Assigned task
Nothing below is to be printed except the lines between the line holding "İlk yılında 110" and the line holding "2月22日,省十三届人大四次", inclusive, each exactly as it appears.

Material provided
----

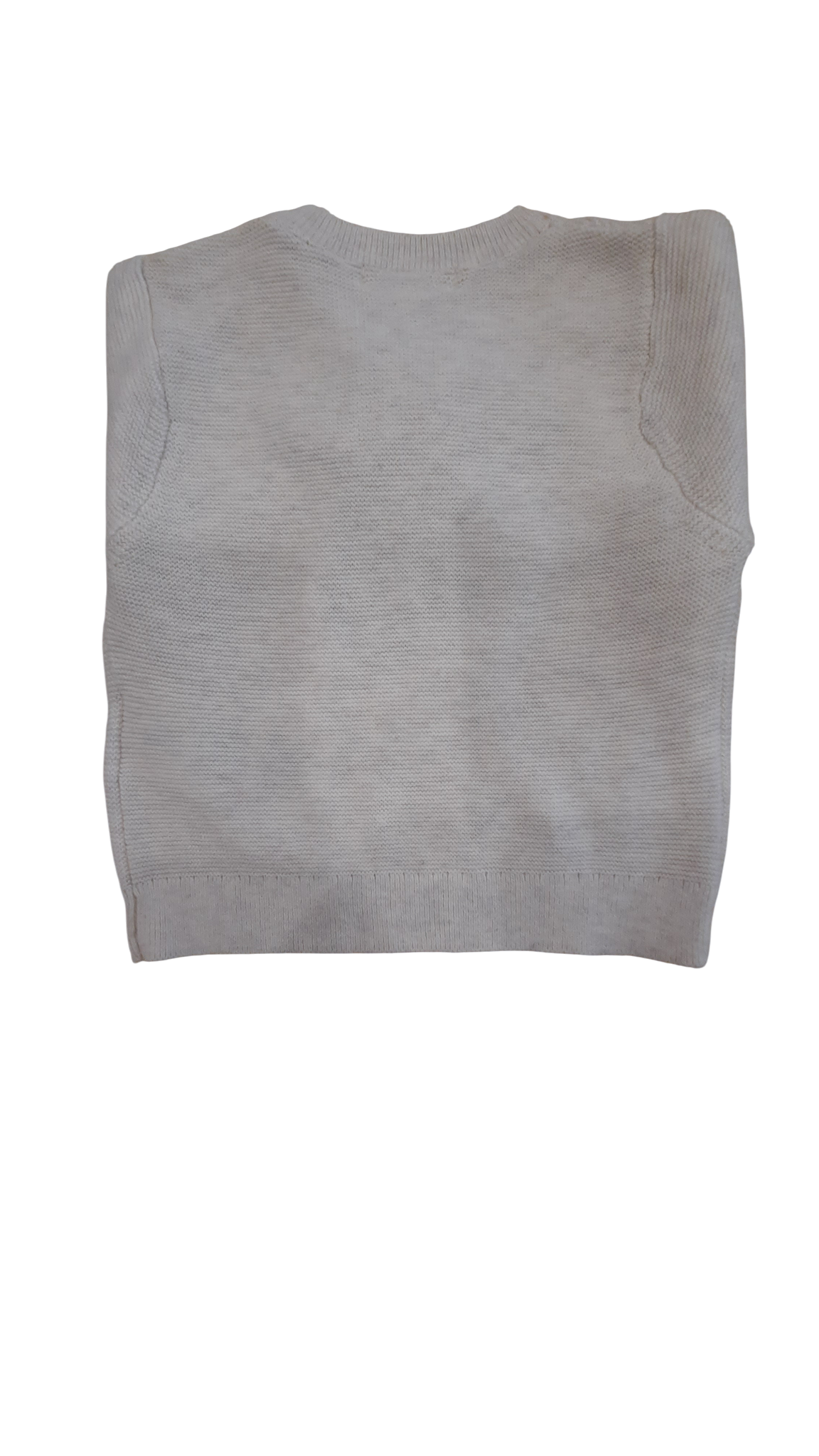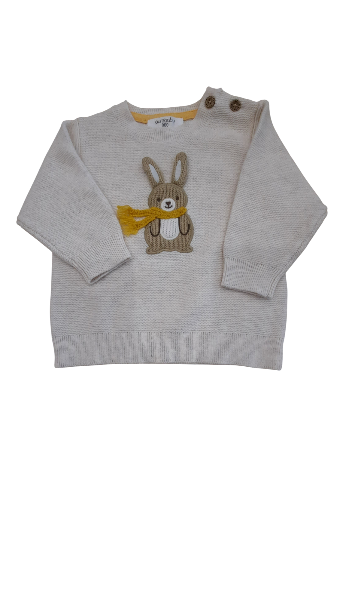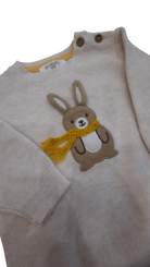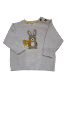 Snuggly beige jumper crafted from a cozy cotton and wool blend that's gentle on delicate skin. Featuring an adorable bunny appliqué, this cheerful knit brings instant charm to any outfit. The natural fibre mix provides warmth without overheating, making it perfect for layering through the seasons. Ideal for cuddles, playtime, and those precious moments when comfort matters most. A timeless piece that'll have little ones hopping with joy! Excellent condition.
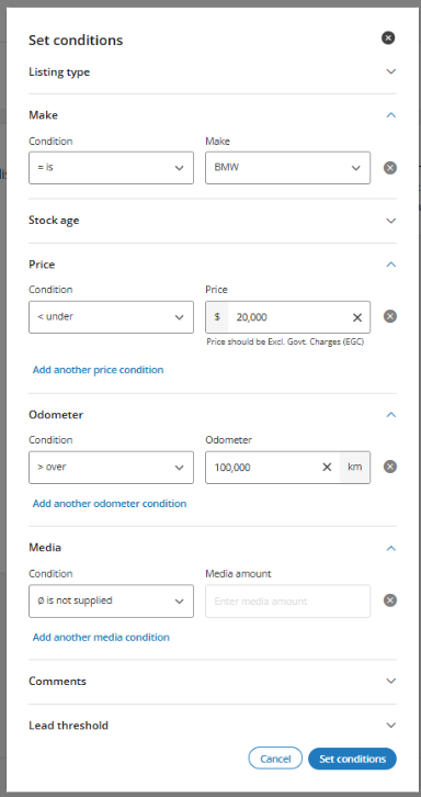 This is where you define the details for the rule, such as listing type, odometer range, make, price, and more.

----

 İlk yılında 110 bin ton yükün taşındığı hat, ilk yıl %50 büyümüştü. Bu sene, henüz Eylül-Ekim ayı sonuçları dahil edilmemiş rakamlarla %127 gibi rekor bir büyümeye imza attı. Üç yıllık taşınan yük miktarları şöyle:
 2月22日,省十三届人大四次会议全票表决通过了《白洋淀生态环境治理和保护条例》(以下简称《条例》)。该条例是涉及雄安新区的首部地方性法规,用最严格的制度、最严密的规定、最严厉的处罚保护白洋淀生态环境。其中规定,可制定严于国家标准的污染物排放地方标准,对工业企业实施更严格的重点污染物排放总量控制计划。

----

Task output
 İlk yılında 110 bin ton yükün taşındığı hat, ilk yıl %50 büyümüştü. Bu sene, henüz Eylül-Ekim ayı sonuçları dahil edilmemiş rakamlarla %127 gibi rekor bir büyümeye imza attı. Üç yıllık taşınan yük miktarları şöyle:
 2月22日,省十三届人大四次会议全票表决通过了《白洋淀生态环境治理和保护条例》(以下简称《条例》)。该条例是涉及雄安新区的首部地方性法规,用最严格的制度、最严密的规定、最严厉的处罚保护白洋淀生态环境。其中规定,可制定严于国家标准的污染物排放地方标准,对工业企业实施更严格的重点污染物排放总量控制计划。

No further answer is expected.